Using the listing below, give again exactly the lines from the line with "lieferbar-in 5-6 Werktagen" to the line with "노하우 기술이전 계약서_항산화 활성을 갖는 고령자용 점도 조정 식품의 개발", inclusive, without the pictures.

## Available data

————

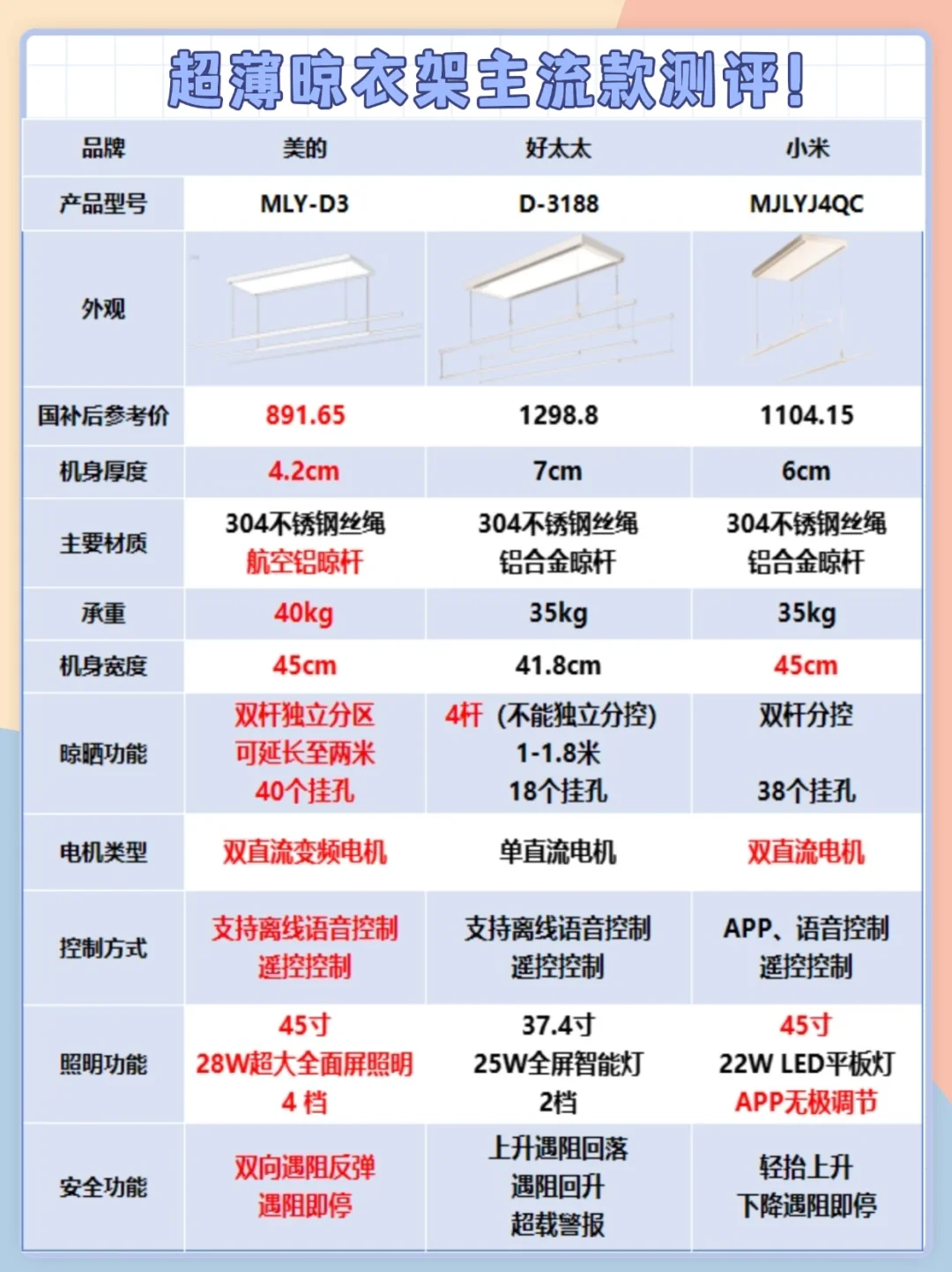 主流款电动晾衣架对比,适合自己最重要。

————

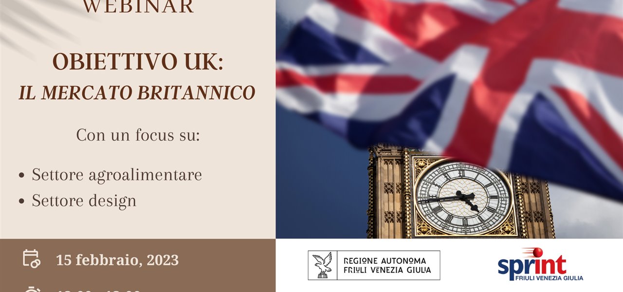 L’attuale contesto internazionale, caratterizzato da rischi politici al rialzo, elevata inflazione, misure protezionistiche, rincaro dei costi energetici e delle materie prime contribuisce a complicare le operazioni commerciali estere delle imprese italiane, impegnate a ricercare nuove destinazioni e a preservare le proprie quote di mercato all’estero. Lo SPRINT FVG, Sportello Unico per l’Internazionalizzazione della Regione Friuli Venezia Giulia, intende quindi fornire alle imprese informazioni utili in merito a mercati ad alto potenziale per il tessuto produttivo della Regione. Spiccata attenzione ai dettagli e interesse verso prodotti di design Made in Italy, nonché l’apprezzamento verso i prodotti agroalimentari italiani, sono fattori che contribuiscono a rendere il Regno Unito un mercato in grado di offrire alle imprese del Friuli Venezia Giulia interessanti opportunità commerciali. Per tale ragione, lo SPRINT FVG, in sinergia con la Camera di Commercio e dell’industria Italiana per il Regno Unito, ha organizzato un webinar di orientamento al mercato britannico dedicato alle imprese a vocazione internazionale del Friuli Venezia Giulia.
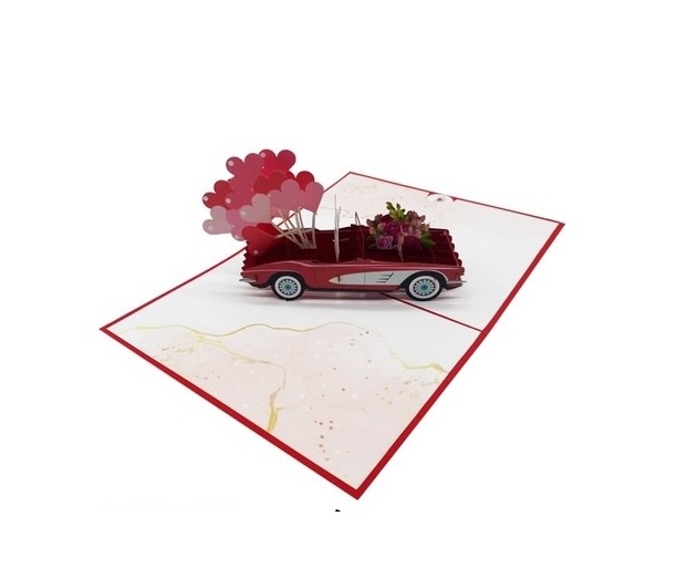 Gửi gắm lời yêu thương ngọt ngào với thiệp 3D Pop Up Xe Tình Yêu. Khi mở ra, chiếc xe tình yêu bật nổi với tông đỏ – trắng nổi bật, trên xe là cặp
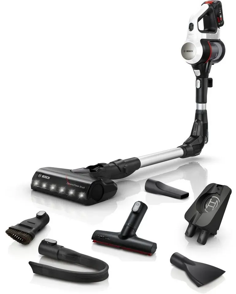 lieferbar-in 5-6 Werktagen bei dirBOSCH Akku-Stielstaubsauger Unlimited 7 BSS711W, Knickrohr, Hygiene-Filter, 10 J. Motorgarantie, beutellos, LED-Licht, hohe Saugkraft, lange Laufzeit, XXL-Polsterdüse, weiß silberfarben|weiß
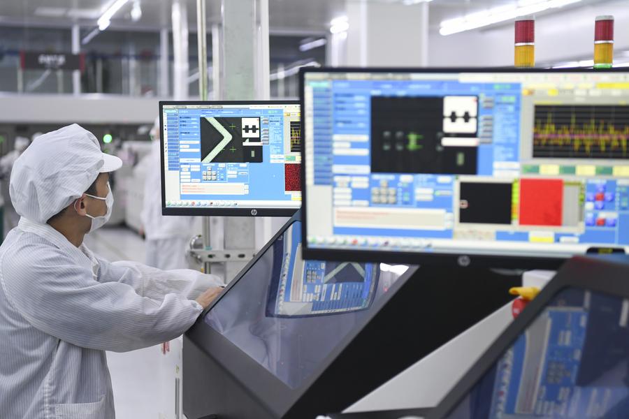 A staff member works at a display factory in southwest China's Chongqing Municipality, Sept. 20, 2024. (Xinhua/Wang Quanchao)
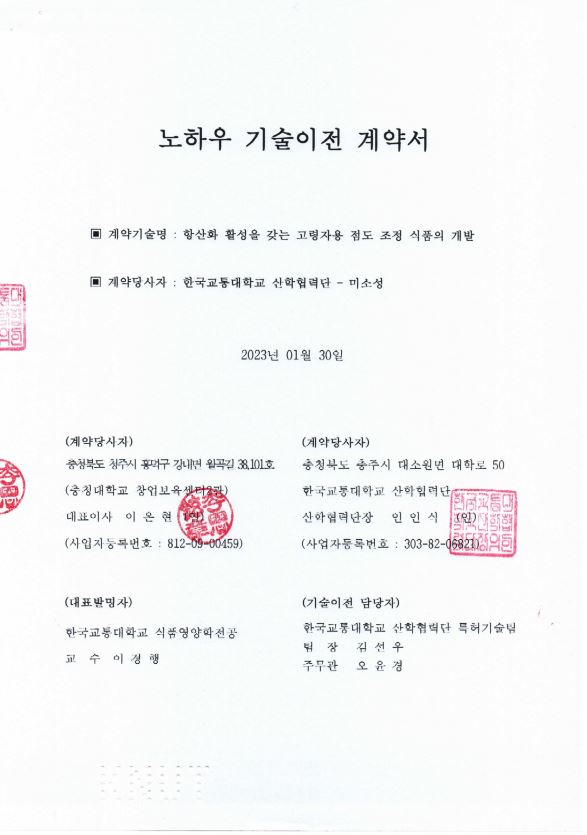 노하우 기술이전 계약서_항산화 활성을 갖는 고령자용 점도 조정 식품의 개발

————

## Reply
 lieferbar-in 5-6 Werktagen bei dirBOSCH Akku-Stielstaubsauger Unlimited 7 BSS711W, Knickrohr, Hygiene-Filter, 10 J. Motorgarantie, beutellos, LED-Licht, hohe Saugkraft, lange Laufzeit, XXL-Polsterdüse, weiß silberfarben|weiß
 A staff member works at a display factory in southwest China's Chongqing Municipality, Sept. 20, 2024. (Xinhua/Wang Quanchao)
 노하우 기술이전 계약서_항산화 활성을 갖는 고령자용 점도 조정 식품의 개발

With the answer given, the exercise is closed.